US 12,277,492 B2
Kernel-level load balancing across neural engines
Sundararaman Hariharasubramanian, San Jose, CA (US); Xiaozhong Yao, Cupertino, CA (US); and Andrew Yanowitz, Ben Lomand, CA (US)
Assigned to Apple Inc., Cupertino, CA (US)
Filed by Apple Inc., Cupertino, CA (US)
Filed on Oct. 19, 2021, as Appl. No. 17/505,412.
Claims priority of provisional application 63/197,441, filed on Jun. 6, 2021.
Prior Publication US 2022/0391677 A1, Dec. 8, 2022
Int. Cl. G06N 3/063 (2023.01); G06F 9/50 (2006.01); G06F 9/54 (2006.01); G06N 3/04 (2023.01); G06N 3/06 (2006.01); G06N 5/04 (2023.01)
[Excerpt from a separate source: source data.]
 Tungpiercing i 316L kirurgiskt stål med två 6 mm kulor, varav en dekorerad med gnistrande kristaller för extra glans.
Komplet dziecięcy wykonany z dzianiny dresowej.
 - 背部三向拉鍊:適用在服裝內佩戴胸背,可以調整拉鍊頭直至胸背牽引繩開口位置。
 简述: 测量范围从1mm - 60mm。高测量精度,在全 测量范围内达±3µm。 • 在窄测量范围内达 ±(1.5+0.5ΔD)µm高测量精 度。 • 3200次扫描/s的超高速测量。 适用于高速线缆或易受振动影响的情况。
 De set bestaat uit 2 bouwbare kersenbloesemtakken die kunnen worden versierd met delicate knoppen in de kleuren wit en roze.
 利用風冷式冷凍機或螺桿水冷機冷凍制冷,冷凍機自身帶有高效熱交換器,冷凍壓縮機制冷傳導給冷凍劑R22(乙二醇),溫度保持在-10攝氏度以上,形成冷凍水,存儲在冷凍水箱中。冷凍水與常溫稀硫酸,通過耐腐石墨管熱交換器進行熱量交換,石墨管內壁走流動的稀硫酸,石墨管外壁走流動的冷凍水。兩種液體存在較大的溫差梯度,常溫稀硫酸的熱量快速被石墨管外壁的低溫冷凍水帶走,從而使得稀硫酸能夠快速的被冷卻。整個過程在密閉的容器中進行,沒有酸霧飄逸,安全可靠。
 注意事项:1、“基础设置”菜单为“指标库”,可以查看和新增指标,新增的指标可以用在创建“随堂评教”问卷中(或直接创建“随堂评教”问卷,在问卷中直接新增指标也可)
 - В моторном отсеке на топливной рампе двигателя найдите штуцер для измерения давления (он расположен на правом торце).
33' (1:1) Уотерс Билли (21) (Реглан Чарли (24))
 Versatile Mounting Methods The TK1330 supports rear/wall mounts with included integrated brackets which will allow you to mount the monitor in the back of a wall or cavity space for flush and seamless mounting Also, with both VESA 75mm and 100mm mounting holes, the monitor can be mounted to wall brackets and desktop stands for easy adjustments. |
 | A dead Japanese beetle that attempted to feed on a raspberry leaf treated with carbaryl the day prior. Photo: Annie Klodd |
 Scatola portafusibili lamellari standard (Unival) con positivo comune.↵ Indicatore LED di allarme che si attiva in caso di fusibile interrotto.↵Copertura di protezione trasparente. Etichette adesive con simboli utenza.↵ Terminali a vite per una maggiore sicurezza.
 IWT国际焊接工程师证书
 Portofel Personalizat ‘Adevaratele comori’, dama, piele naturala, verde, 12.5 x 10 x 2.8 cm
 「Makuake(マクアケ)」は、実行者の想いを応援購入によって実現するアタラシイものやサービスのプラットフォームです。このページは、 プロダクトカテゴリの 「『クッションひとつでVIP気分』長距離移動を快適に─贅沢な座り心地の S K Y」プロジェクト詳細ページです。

CPC G06N 3/063 (2013.01) [G06F 9/5083 (2013.01); G06F 9/545 (2013.01); G06N 5/04 (2013.01); G06F 9/5016 (2013.01); G06N 3/04 (2013.01); G06N 3/06 (2013.01)] 20 Claims
OG exemplary drawing
 
1. A method comprising performing on an electronic device comprising circuit engines configured to evaluate a particular type of machine learning model:
receiving, at a first system routine from a first client application, a provisioning request indicating that the first client application includes first code for evaluating the particular type of machine learning model, wherein the first system routine executes in user space of memory on the electronic device;
provisioning the first code for execution on one or more of the circuit engines;
receiving, at a second system routine, an inference request from the first client application for evaluating the particular type of machine learning model, the inference request including first input data upon which the particular type of machine learning model is evaluated, wherein the second system routine executes in kernel space of memory on the electronic device;
receiving, at the second system routine, information about a current status and a historical performance of the circuit engines;
assigning, by the second system routine, the inference request to one or more of the circuit engines based on the information;
evaluating, using the one or more of the circuit engines, the inference request; and
providing a result of the inference request to the first client application.